It was submitted that paragraph 53 (5) took effect from 10/8/2010 whereas the provision of paragraph 12 (5) which was a subsequent provision came into effect on 29th October, 2010. It was submitted that the intention of the Law Makers in enacting the provisions of section 12 (5) was intended to achieve quick disposal of election petitions within the time frame. We were referred to NTO & ANOR v. GLOBAL SOAP & DETERGENT IND. LTD. (2010) LPELR 7997. Makera & Anor v Galadachi & Ors (2011) LPELR 8821.
Paragraph 53 (5) of the 1st Schedule to the Electoral Act is now by implication amended by the provision of paragraph 12 (5). Reliance was placed on Akintokun v. LPDC (2014) 5 SCM 1 at 50.
It was submitted that the Tribunal was right to have held that in line with paragraph 12 (5) of the 1st Schedule to the Electoral Act all objections should be taken along with the petition because election petitions are time-bound and a party will not be allowed to resort to any subterfuge to frustrate the intention of the Electoral Act that petitions be disposed of expeditiously.
We were referred to part of the ruling of the Tribunal in which it observed that the appellant incorporated objections to the competence of the petition in his reply. It was submitted that having incorporated his objection in his reply he would not rightly argue that the objection ought to be taken before the hearing of the appeal. We were referred to Oke & Ors v. Mimiko & Ors (2013) 9 SCM 155 at 177 and PDP v. INEC (2012) 7 NWLR (Pt 1130) 538 at 559.
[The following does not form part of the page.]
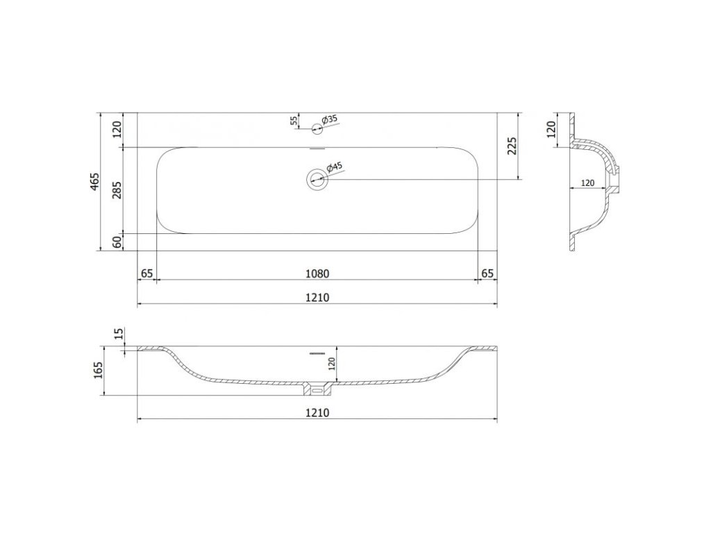 Mexen Vela vstavané umývadlo 121 x 46,5 cm, biely lesk - 25231200
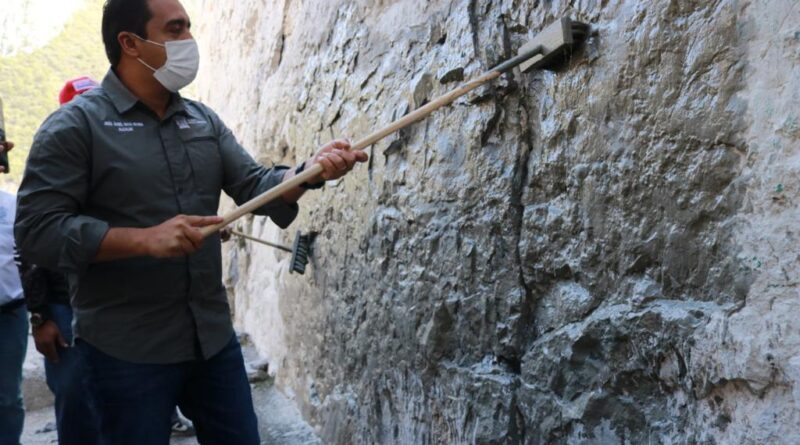 Los trabajos para eliminar el grafitti se realizaron a través de la aplicación de una mezcla de agua, cemento y sal.

It was submitted that Nwankwo v. Yaradua (2010) 12 NWLR (Pt 1209) 518 at 589 was decided before paragraph 12 (5) was enacted.
It was submitted that locus standi and jurisdiction were not considered in the ruling of the tribunal. That the issue before the Tribunal was whether the objection raised in the application be heard or await the hearing of the petition.
It was submitted that the amendment of paragraph 12 was not only to facilitate the speedy trial of Election Petitions but also to obviate the attendant delay that is associated with Civil Proceedings. It was submitted that election petitions are to be heard without regard to technicalities, which may unduly fetter the jurisdiction of the tribunals. We were referred to Egolum v. Obasanjo (1999) 7 NWLR (Pt 611) 355, Ogbebor v. Danjuma (2003) 15 NWLR (pt 803) 403.
In a reply to the 1st and 2nd Respondents’ brief, the Appellant on his part objected to the Respondents’ brief on the ground that it was filed out of time.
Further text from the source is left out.